Более подробно об этом письме рассказала Д. Ф. Слепян в беседе с А. К. Станюковичем: «Было его письмо. Д. Ф. помнит несколько строк (но и письмо было коротким):

...Мне очень жаль, что мама Ваша не хочет видеть меня вместе в Вами...

...Не хочу надкусывать плод, потому что я скоро Вас увижу... Я скучаю...» (запись А. К. Станюковича).

4. Исаакиевская площадь, д. 5.

5. О знаменитом костюмированном вечере на святках 1920 г. вспоминают многие мемуаристы, пишущие о той поре. Вот как описывает этот бал В. Ф. Ходасевич: «...в огромных промерзлых залах зубовского особняка на Исаакиевской площади — скудное освещение и морозный пар.
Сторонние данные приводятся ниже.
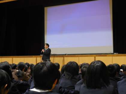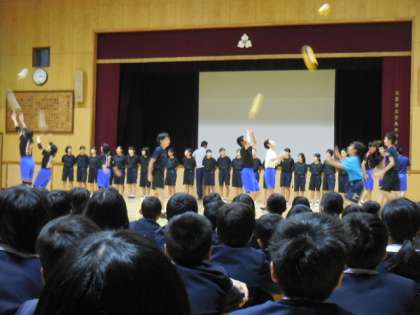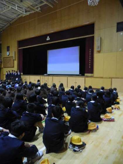 5小学校の6年生が一堂に、歌島中学校の講堂に集まりました。
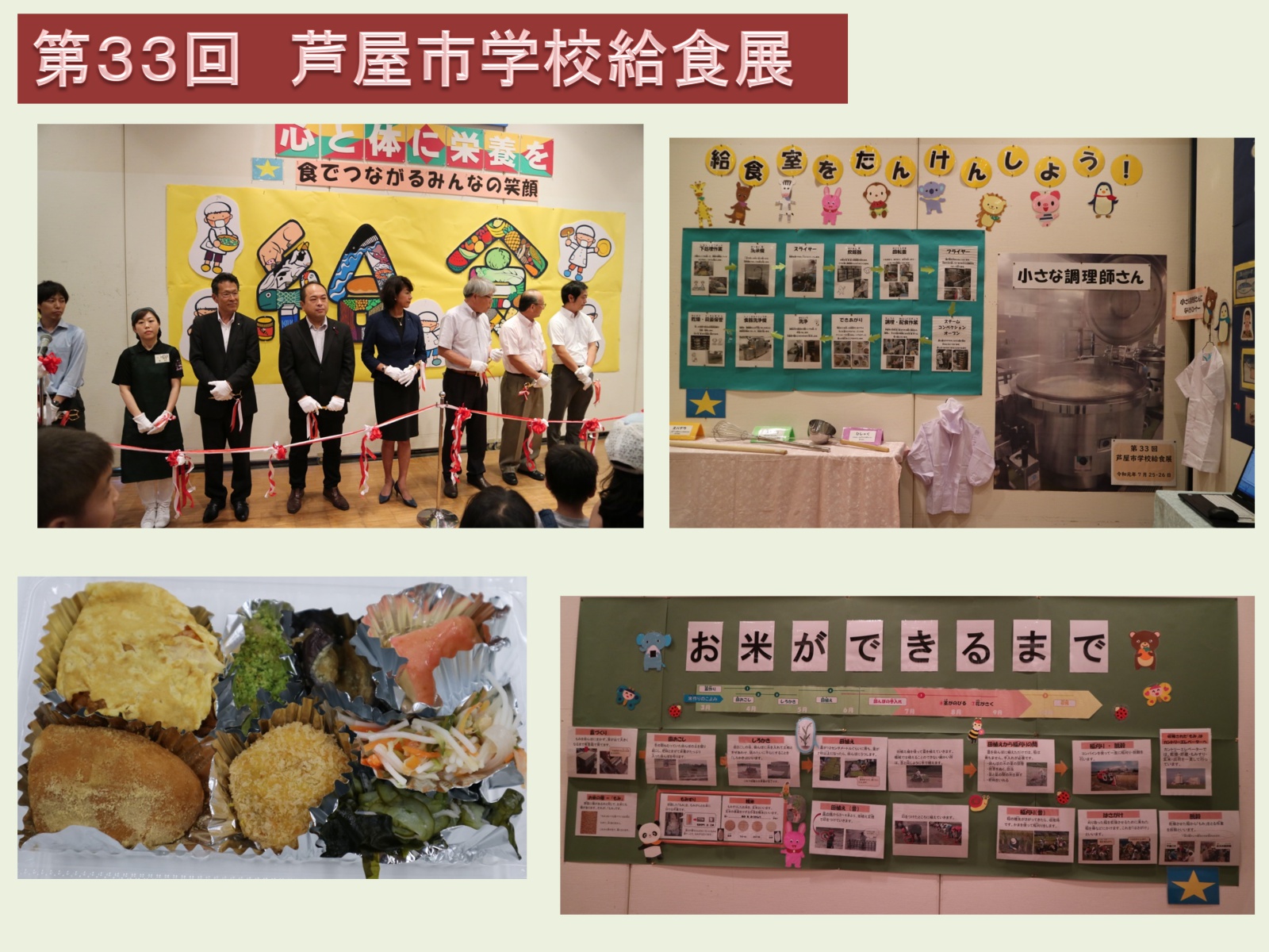 為了對家長與一般市民進行學校午餐的宣傳工作,並提供各種飲食相關資訊,蘆屋市舉辦「蘆屋市學校午餐展」,今年邁入第33屆。其中有大受歡迎的學校午餐試吃區,還有體驗型展示區、學校午餐廚房迴轉鍋、整條帶魚骨鮮魚的正確吃法、學校午餐使用的香辛料等等,用心安排的內容,每次都吸引眾多人入場參觀。
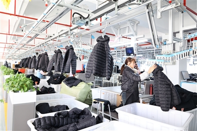 本报讯 3月20日上午,记者在“科技型中小企业”“福建省科技小巨人”企业——福建一笔成服饰科技有限公司5G智能生产车间看到一幅“热辣滚烫”的生产景象:一件件智能加热羽绒服、马甲成衣半成品吊挂在上空,由一组组轨道精准输送到相应工位,经缝纫、整烫、质检、包装等工序,一批批成品被打包、装车,通过物流车队运往国内外。
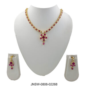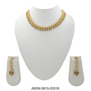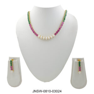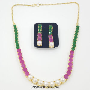 A vibrant dual-tone necklace set crafted with alternating ruby and emerald stones, finished with a row of classic pearls at the center. This lightweight statement adds the perfect pop ...
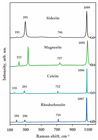 Raman spectra of initial carbonates-natural Mg-siderite (Fe0.610Mg0.357Mn0.010Ca0.024)CO3 (a), magnesite Mg0.932Ca0.060Fe0.008CO3 (b), calcite (Ca0.996Mn0.003Fe0.001)CO3 (c), and rhodochrosite (Mn0.918Fe0.011Mg0.008Ca0.063)CO3 (d).
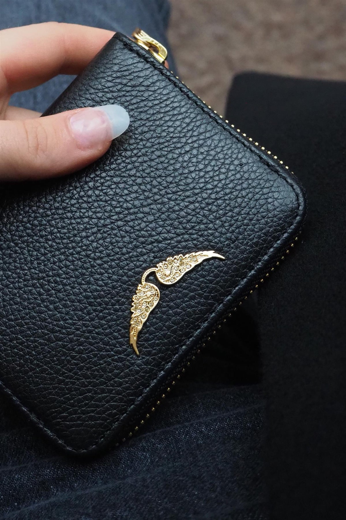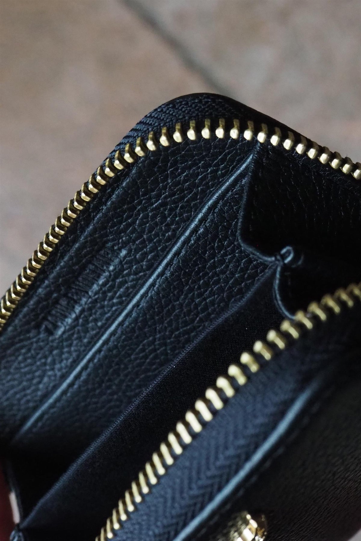 "Mini ZV Grained Leather" fra Zadig & Voltaire. Liten lekker sort lommebok. Teksturert skinn med gullfarget logo og glidelås. 2 kortlommer.
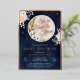 Over The Moon Navy Blue Baby Shower Pink Rose Gold Foil Invitation
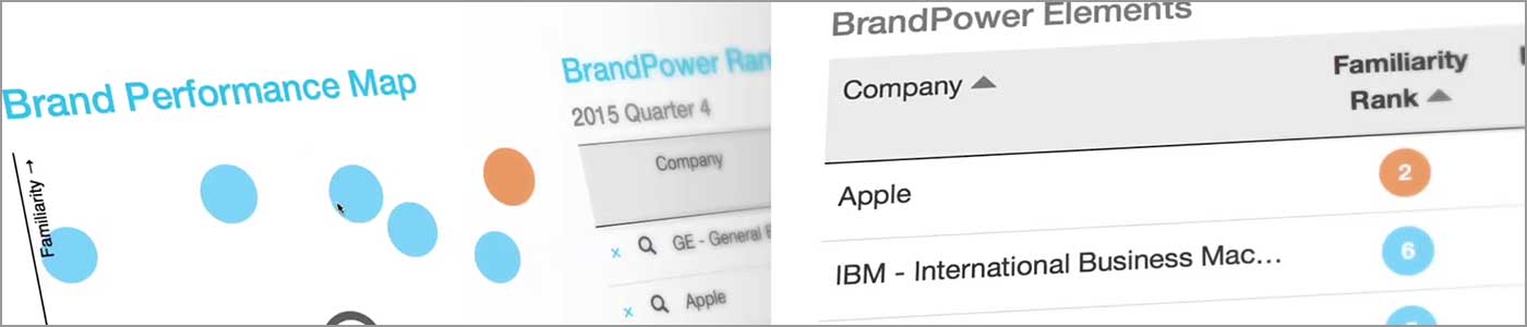 BrandPower also offers a quantitative basis for comparison within a competitive set. That enables companies to complement monetary measures of valuation and ROI by including intangible factors. The result is a more comprehensive and meaningful view of brand performance and how it impacts a company’s market value, stock price and reputation.

В каминах чадят и тлеют сырые дрова. Весь литературный и художественный Петербург — налицо. Гремит музыка. Люди движутся в полумраке, теснятся к каминам. Боже мой, как одета эта толпа! Валенки, свитеры, потертые шубы, с которыми невозможно расстаться и в танцевальном зале. И вот, с подобающим опозданием, является Гумилёв с дамой, дрожащей от холода, в черном платье с глубоким вырезом. Прямой и надменный, во фраке, Гумилёв проходил по залам. Он дрогнет от холода, но величественно и любезно раскланивается направо и налево. Беседует со знакомыми в светском тоне. Он играет в бал. Весь вид его говорит: "Ничего не произошло. Революция? — Не слыхал"» (Крейд, с. 205–206). Можно лишь уточнить: «явление» Гумилёва во фраке произошло на пушкинских торжествах в 1921 г. «Дамой», сопровождавшей Гумилёва на маскараде, была Д. Ф. Слепян.

6. Из стихотворения «Лаос» (С. 279). Цитата неточна: ст. 4 — «Никогда друг друга не покинем».

7. См. комментарий 3 к воспоминаниям Ю. М. Шейнмана (с. 297 наст. изд.).

8. Ср. у Одоевцевой:

...в дом пять по Преображенской
Я походкой легкой вошла:
Низкая комната, мягкая мебель,
Книги повсюду и теплая тишь.
Вот сейчас выползет черепаха,
Пролетит летучая мышь...
Но все спокойно и просто,
Только совсем особенный свет:

У окна папиросу курит
Не злой и не добрый поэт.

9. Ошибка мемуариста. Гумилёв переехал в Дом искусств. (См. комментарий 3 к воспоминаниям М. Л. Слонимского, с. 272 наст. изд.).

10. Подобных свидетельств о конце Гумилёва довольно много. Ср. также: «Петроградский орган "Революционное дело" сообщал подробности о расстреле шестидесяти по Таганцевскому делу: "Расстрел был произведен на одной из станций Ириновской ж.д. Арестованных привезли на рассвете и заставили рыть яму. Когда яма наполовину готова приказано было всем раздеться. Начались крики, вопли о помощи. Часть обреченных была насильно столкнута в яму и по яме была открыта стрельба.

На кучу тел была загнана и остальная часть и убита тем же манером. После чего яма, где стонали живые и раненые, была засыпана землей» (Тимонина М. Даниил Андреев: «Но чаша лишь одна...» // Лит. обозрение. 1990. № 5. С. 12).